The genetic strain of the Csf1r^{ΔFIRE/ΔFIRE} mice was a mixed C57BL/6J and CBA background. This is notable because Csf1r^{ΔFIRE/ΔFIRE} mice on a congenic C57BL/6J background show perinatal lethality, and surviving mice develop hydrocephalus. ⁹ It is unclear if the early lethality and abnormal brain in the congenic Csf1r^{ΔFIRE/ΔFIRE} strain is due entirely or in part to the absence of microglia or another tissue-resident macrophage population. However, the observations in the congenic line indicate a more complex biology with genetic background as a profound phenotypic modifier and must be considered when interpreting the absence of overt phenotype on the mixed genetic background.

Despite exhaustive research concerning the role of microglia in organizing neuronal circuitry in epilepsy, several critical issues remain unresolved.

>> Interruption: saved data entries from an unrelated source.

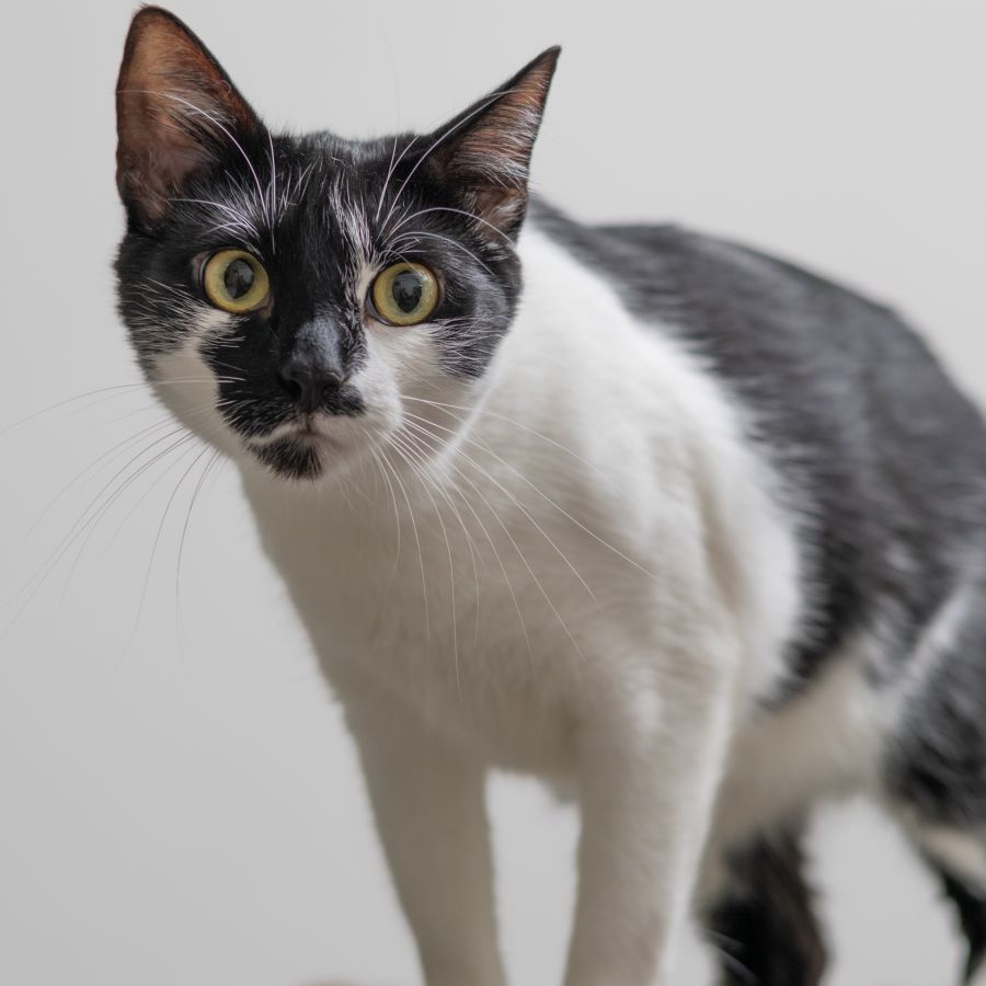 Allow me to introduce you to the captivating black and white beauty, Darcy. This mama cat possesses a heart of pure sweetness and adores the company of people. With her comforting presence, she makes an excellent listener and delights in curling up in your lap for a cozy nap.
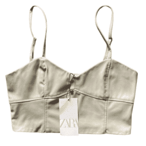 Bustier aus Lederimitat mit verstellbaren Trägern, in Beige, Größe M
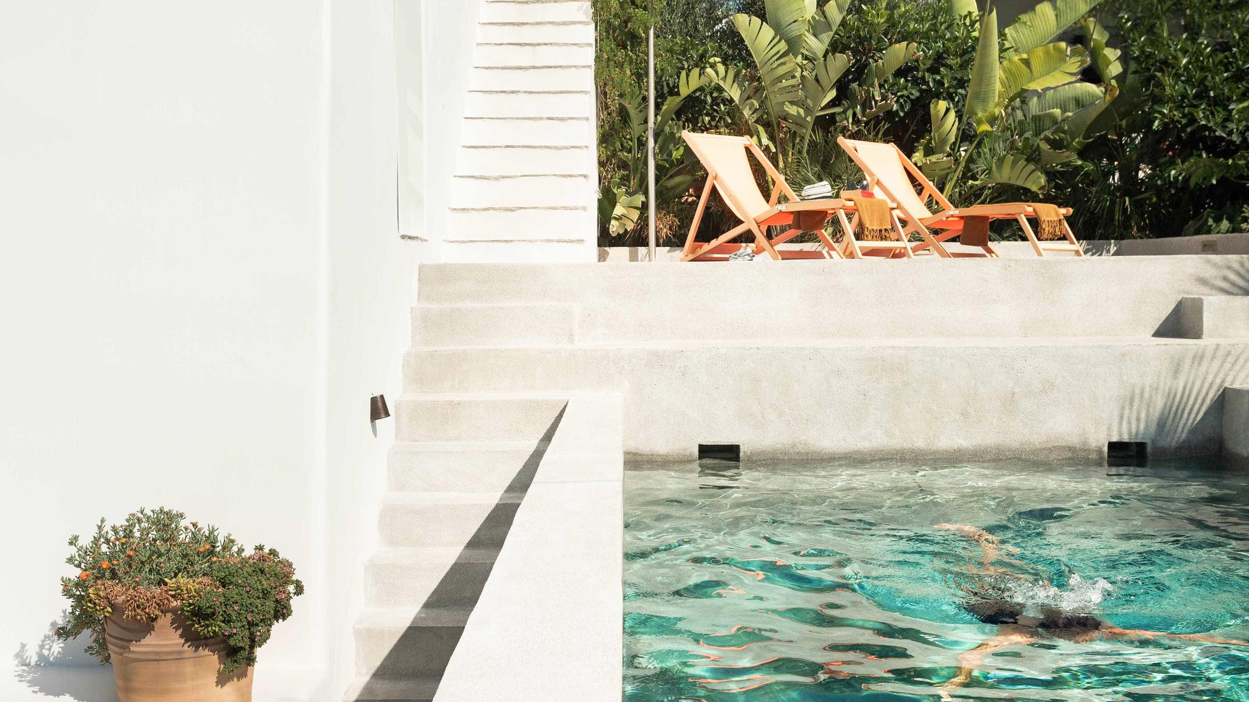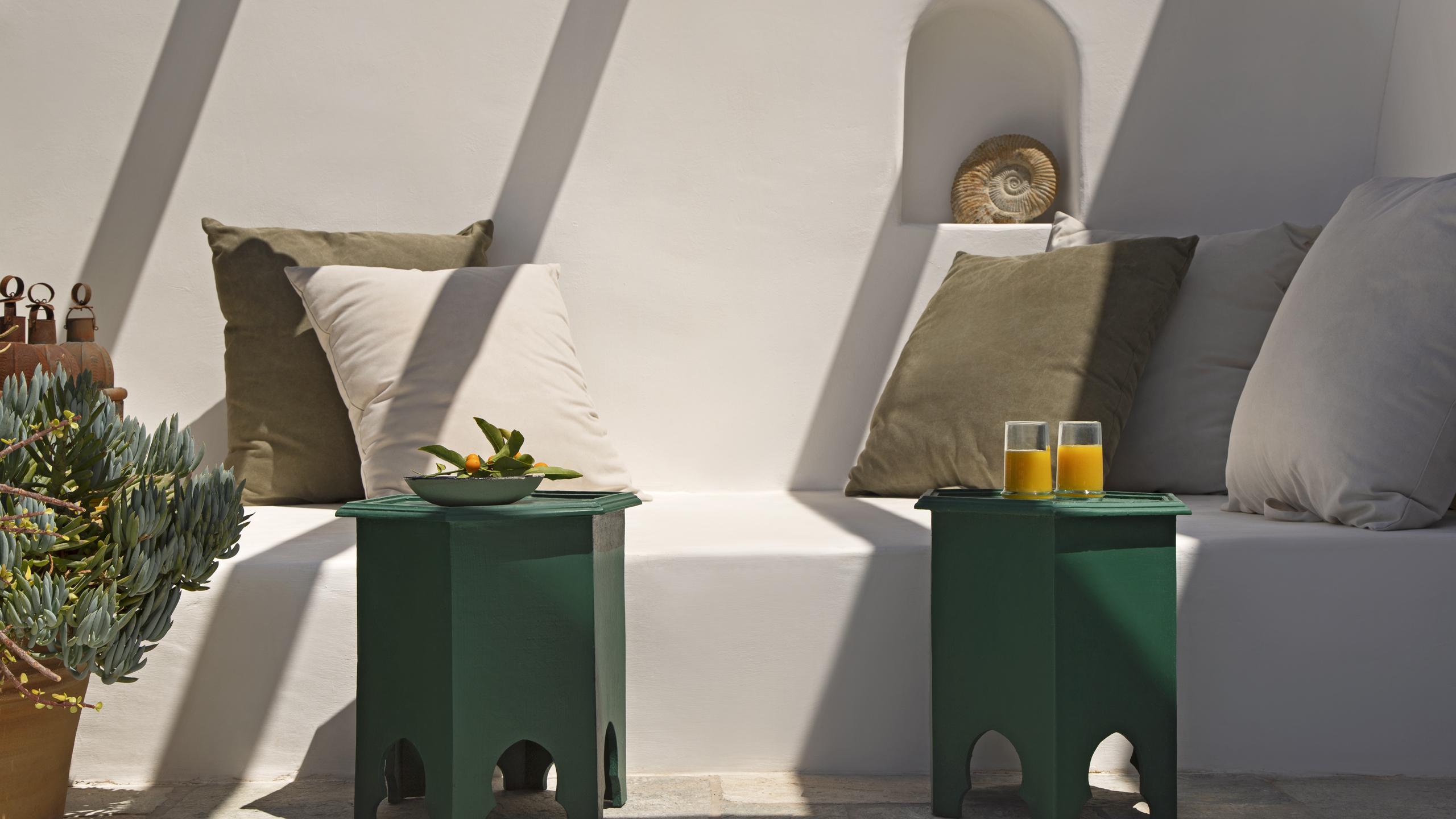 Le mattine iniziano con una colazione immersi nei rigogliosi giardini mediterranei, seguite da una piacevole passeggiata fino alle acque cristalline della spiaggia di Agioi Anargyroi.

First, it remains unclear if aberrant formation or removal of spines and synapses contributes to epileptogenesis or is a consequence of seizures. One of the experimental challenges in addressing this issue includes the complementary concerns of false positives (specificity) and false negatives (sensitivity). Thus, although it is quite challenging to quantify spine stripping and synaptic loss, it is even more difficult—if not impossible—to show that stripping or loss has not occurred. Second, the relevant cell types involved in spine and synaptic plasticity must be identified, and their roles must be defined. Intracellular cell signaling within neurons, such as the Ras-PI3k-mTOR and Ras-MAPK pathways, are involved in spine plasticity. ¹⁰ Microglia could mediate an important but nonessential role in the formation of functional neuronal circuits, as suggested by the work of O’Keeffe et al. ⁷ In a mouse model of multiple sclerosis, monocyte-derived macrophages initiate demyelination and are highly phagocytic. ¹¹ Thus, brain-invading monocytes could also play a role in the development of acquired epilepsies, but more work is required to demonstrate this. Finally, the neuronal structures being formed and eliminated require better characterization. Although spines serve as the primary locations for excitatory inputs, synapses can form at other sites. Thus, spine stripping might occur during development and disease without broad synapse elimination. Until these issues are addressed experimentally and the mechanisms and relevant cells driving spine and synapse elimination are identified, there remains a roadblock to developing therapies targeting synaptic stripping to limit or prevent acquired epilepsy.